| DATASET EXCERPT |
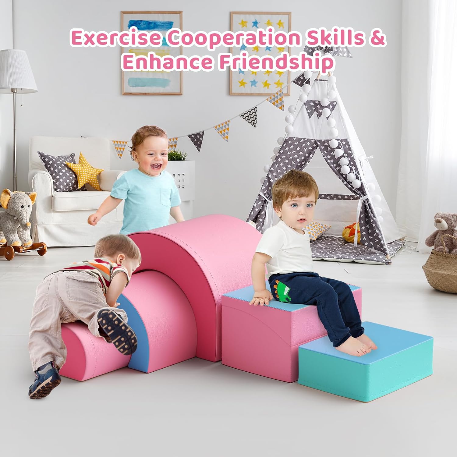 Lischwert Foam Climbing Blocks, Soft Climbing Toys for Toddlers, 5 Pieces Crawl and Climb Foam Playset with Foldable Block and Tunnel, Indoor Climber Activity Play Set for Kids Age 1+(Pink Blue)
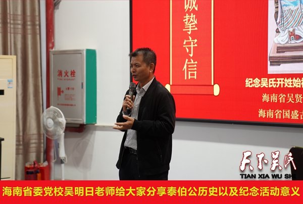 本次紀(jì)念活動(dòng)由海南省吳賢秀文化教育基金會(huì)秘書長吳開河主持。活動(dòng)開始由承辦方國盛紅木董事長,海南省古典家具協(xié)會(huì)會(huì)長吳名光致歡迎辭,他回顧了父輩為海南吳氏事業(yè)所做的無私貢獻(xiàn),同時(shí)也表達(dá)再忙也不忘祖業(yè),借此機(jī)會(huì)學(xué)習(xí)先輩至德文化,激勵(lì)后人弘揚(yáng)至德精神。海南省吳賢秀文化教育基金會(huì)永遠(yuǎn)名譽(yù)理事長吳亞榮的講話,是本次活動(dòng)的重要內(nèi)容,他強(qiáng)調(diào)我們分布在全世界的吳氏宗親,都是泰伯的子孫,泰伯謙讓開拓的至德精神被歷代皇帝和孔圣人稱圣,并把至德精神作為吳文化研究學(xué)習(xí)傳承,是我們吳氏的巨大精神財(cái)富,泰伯公是我們的光榮驕傲和自豪。我們要不忘祖恩,牢記祖德,振興祖業(yè)。要學(xué)習(xí)學(xué)習(xí)再學(xué)習(xí),團(tuán)結(jié)團(tuán)結(jié)再團(tuán)結(jié),努力努力再努力,為實(shí)現(xiàn)中國偉大復(fù)興為加快海南自由貿(mào)易港建設(shè),為弘揚(yáng)至德精神振興吳氏共同事業(yè)而努力奮斗!基金會(huì)副理事長吳坤海講話,他對去年工作的總結(jié)回顧,今年工作重點(diǎn)也做了概括,表達(dá)了積極創(chuàng)新,腳踏實(shí)地的務(wù)實(shí)精神。原儋州市政協(xié)主席吳清毅宗長德高望重,多年來對我們各宗親機(jī)構(gòu)給予支持指導(dǎo),他強(qiáng)調(diào)要將至德精神與實(shí)際工作結(jié)合起來,四個(gè)弘揚(yáng)與四個(gè)結(jié)合的博得大家陣陣掌聲。之后,為加深宗親們對泰伯歷史以及至德文化的內(nèi)容的了解,由海南黨校吳明日老師給大家做演示了講解,并全場對泰伯公的儀像進(jìn)行三叩首以示紀(jì)念?;顒?dòng)最后,大家在國盛產(chǎn)業(yè)園的餐廳內(nèi)聚餐,宗親們活動(dòng)前參觀了各類名貴紅木家具,品嘗到別具一格的花梨樹下走地雞等美食,其樂融融,大家愿意共同攜起手來,將學(xué)習(xí)至德文化,弘揚(yáng)至德精神,為振興祖業(yè),實(shí)現(xiàn)中國夢,團(tuán)結(jié)起來,在加快海南自貿(mào)港的建設(shè)中做出應(yīng)有貢獻(xiàn)。
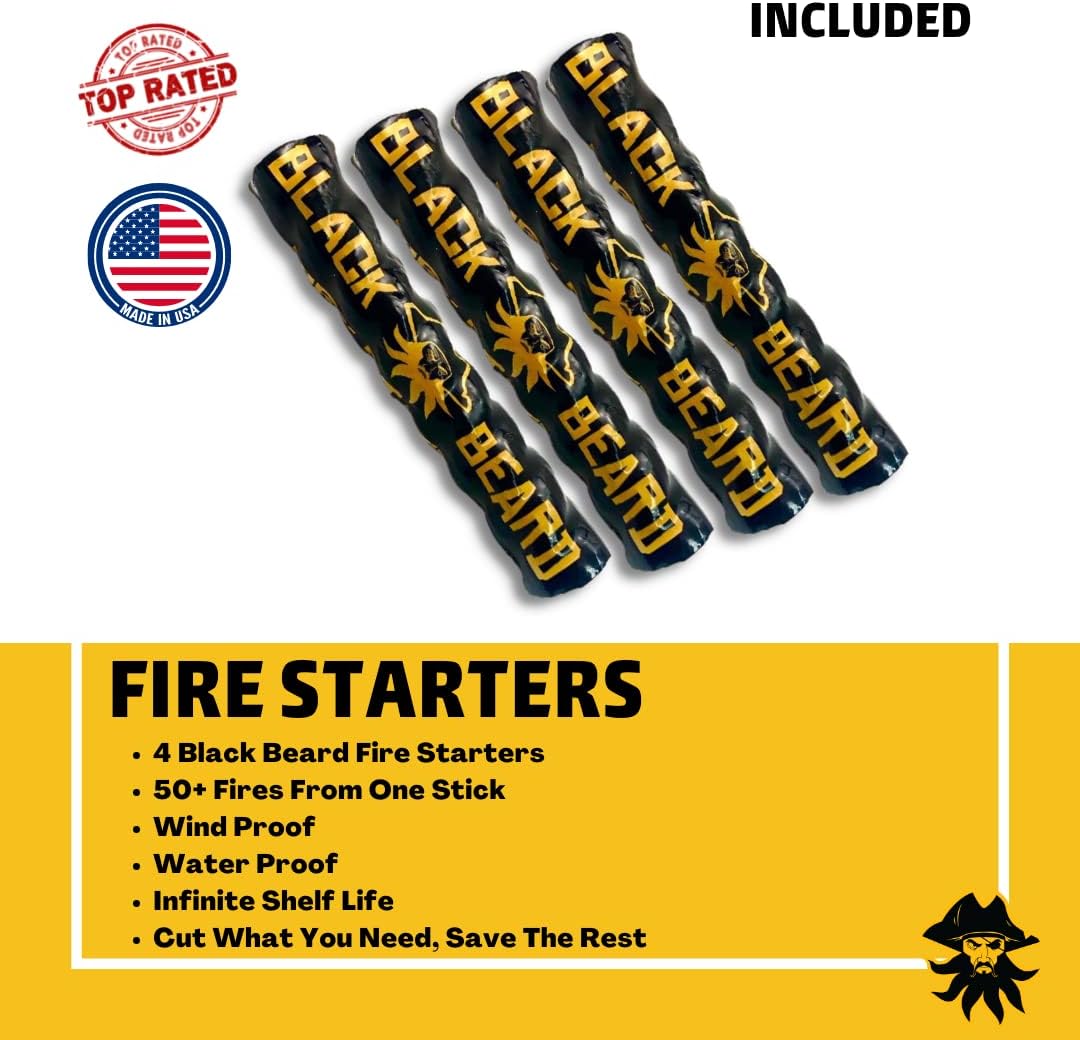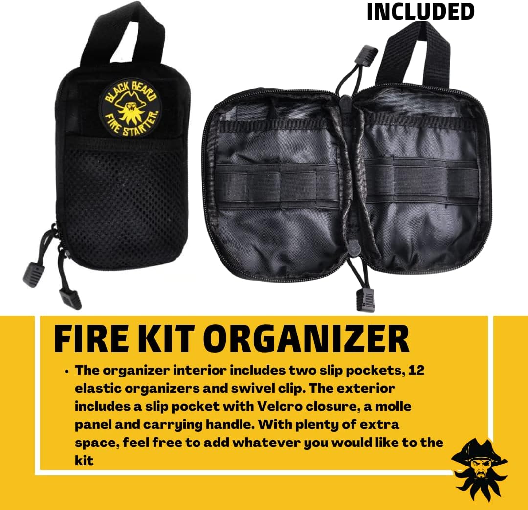 INCLUDES – 4 Black Beard Fire Starters, 1 Ferro Rod, 1 Plasma Arc Lighter, 1 Fire Kit Organizer, 1 Black Beard Velcro Patch

| DESCRIPTION OF THE TASK |
An exact copy of the listing above is to be set down, with no pictures in it.

| WRITTEN SOLUTION |
 Lischwert Foam Climbing Blocks, Soft Climbing Toys for Toddlers, 5 Pieces Crawl and Climb Foam Playset with Foldable Block and Tunnel, Indoor Climber Activity Play Set for Kids Age 1+(Pink Blue)
 本次紀(jì)念活動(dòng)由海南省吳賢秀文化教育基金會(huì)秘書長吳開河主持。活動(dòng)開始由承辦方國盛紅木董事長,海南省古典家具協(xié)會(huì)會(huì)長吳名光致歡迎辭,他回顧了父輩為海南吳氏事業(yè)所做的無私貢獻(xiàn),同時(shí)也表達(dá)再忙也不忘祖業(yè),借此機(jī)會(huì)學(xué)習(xí)先輩至德文化,激勵(lì)后人弘揚(yáng)至德精神。海南省吳賢秀文化教育基金會(huì)永遠(yuǎn)名譽(yù)理事長吳亞榮的講話,是本次活動(dòng)的重要內(nèi)容,他強(qiáng)調(diào)我們分布在全世界的吳氏宗親,都是泰伯的子孫,泰伯謙讓開拓的至德精神被歷代皇帝和孔圣人稱圣,并把至德精神作為吳文化研究學(xué)習(xí)傳承,是我們吳氏的巨大精神財(cái)富,泰伯公是我們的光榮驕傲和自豪。我們要不忘祖恩,牢記祖德,振興祖業(yè)。要學(xué)習(xí)學(xué)習(xí)再學(xué)習(xí),團(tuán)結(jié)團(tuán)結(jié)再團(tuán)結(jié),努力努力再努力,為實(shí)現(xiàn)中國偉大復(fù)興為加快海南自由貿(mào)易港建設(shè),為弘揚(yáng)至德精神振興吳氏共同事業(yè)而努力奮斗!基金會(huì)副理事長吳坤海講話,他對去年工作的總結(jié)回顧,今年工作重點(diǎn)也做了概括,表達(dá)了積極創(chuàng)新,腳踏實(shí)地的務(wù)實(shí)精神。原儋州市政協(xié)主席吳清毅宗長德高望重,多年來對我們各宗親機(jī)構(gòu)給予支持指導(dǎo),他強(qiáng)調(diào)要將至德精神與實(shí)際工作結(jié)合起來,四個(gè)弘揚(yáng)與四個(gè)結(jié)合的博得大家陣陣掌聲。之后,為加深宗親們對泰伯歷史以及至德文化的內(nèi)容的了解,由海南黨校吳明日老師給大家做演示了講解,并全場對泰伯公的儀像進(jìn)行三叩首以示紀(jì)念?;顒?dòng)最后,大家在國盛產(chǎn)業(yè)園的餐廳內(nèi)聚餐,宗親們活動(dòng)前參觀了各類名貴紅木家具,品嘗到別具一格的花梨樹下走地雞等美食,其樂融融,大家愿意共同攜起手來,將學(xué)習(xí)至德文化,弘揚(yáng)至德精神,為振興祖業(yè),實(shí)現(xiàn)中國夢,團(tuán)結(jié)起來,在加快海南自貿(mào)港的建設(shè)中做出應(yīng)有貢獻(xiàn)。
 INCLUDES – 4 Black Beard Fire Starters, 1 Ferro Rod, 1 Plasma Arc Lighter, 1 Fire Kit Organizer, 1 Black Beard Velcro Patch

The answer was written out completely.